Chapter 5 - TS Interface Mutants R178F and R218K Effects of arginine to phenylalanine (R178F) and arginine to lysine (R218K) mutations:

R178F mutant shows apparent thermal stability and decreased aggregation. R218K is destabilized by ~5 °C and failed to crystallize.

Crystal structure of R178F shows no dramatic changes, suggesting stability differences arise from mutational effects in folded vs. unfolded states. Results also highlight utility of site specific substitution to identify regions involved in non native protein association.

Chapter 6 - Radiation Induced Unit Cell Transformation in TS Crystals Certain TS crystal forms in P6 22 space group undergo unit cell elongation along the c axis upon X ray exposure. This chapter:

Analyzes transformations across two crystal forms of R178F Compares transformed and untransformed structures Concludes that rearrangements involve concerted changes in packing and small adjustments in intersubunit contact regions.

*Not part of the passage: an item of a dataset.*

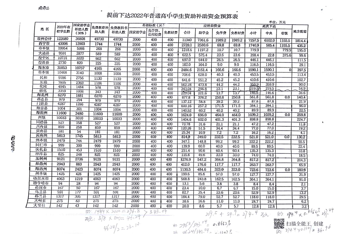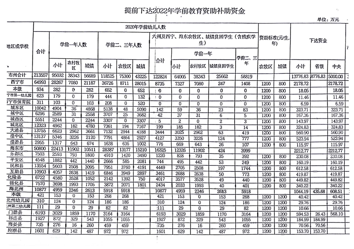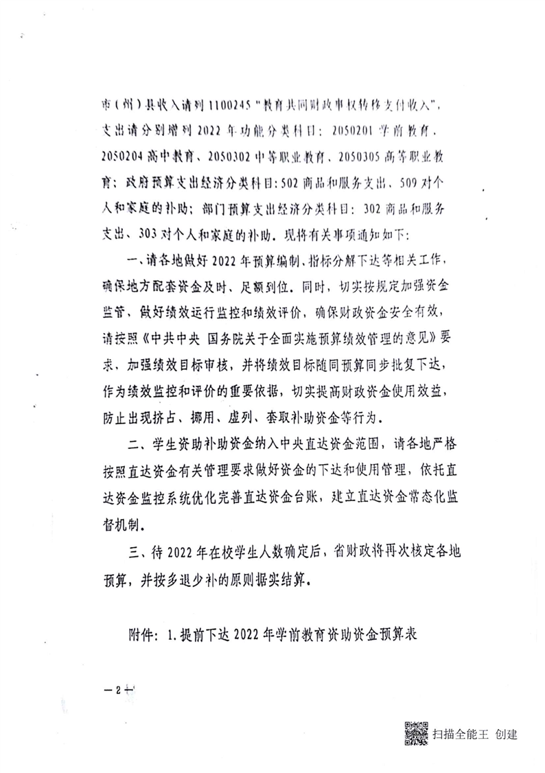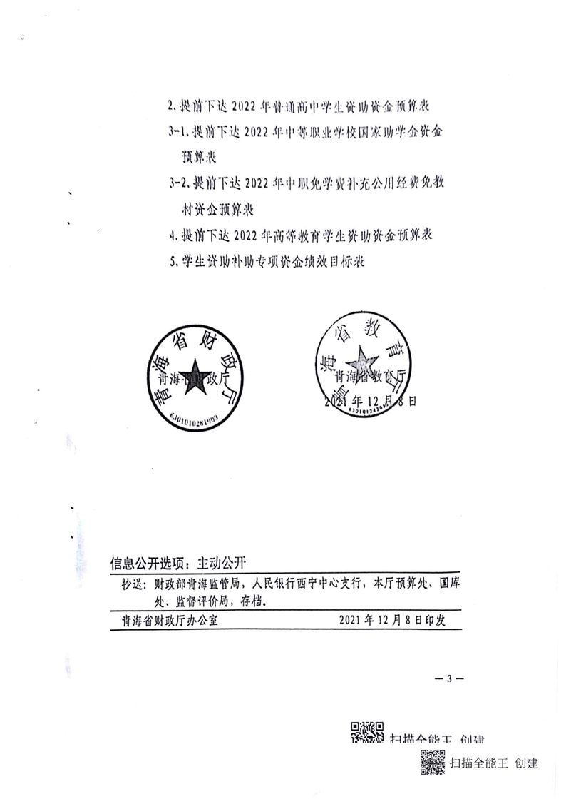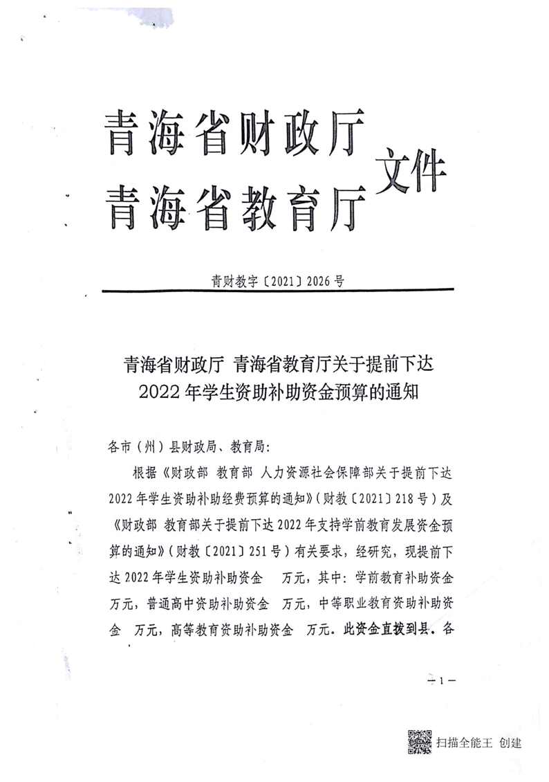 青海省财政厅青海省教育厅关于提前下达2022年学生资助补助资金预算的通知

Chapter 7 - Crystal Structure of TIM Y74C The Y74C mutation introduces an intersubunit disulfide bridge between Cys74 (mutant) and native Cys13 of the opposite monomer. Findings:

Bis oxidized TIM Y74C shows reduced activity but similar stability to wild type. The reduced form is significantly less stable. Crystal structure shows effects on interfacial cavities and role of disulfide tethering in stability restoration.

Chapter 8 - Summary Summarizes major findings and outlines future directions motivated by this work.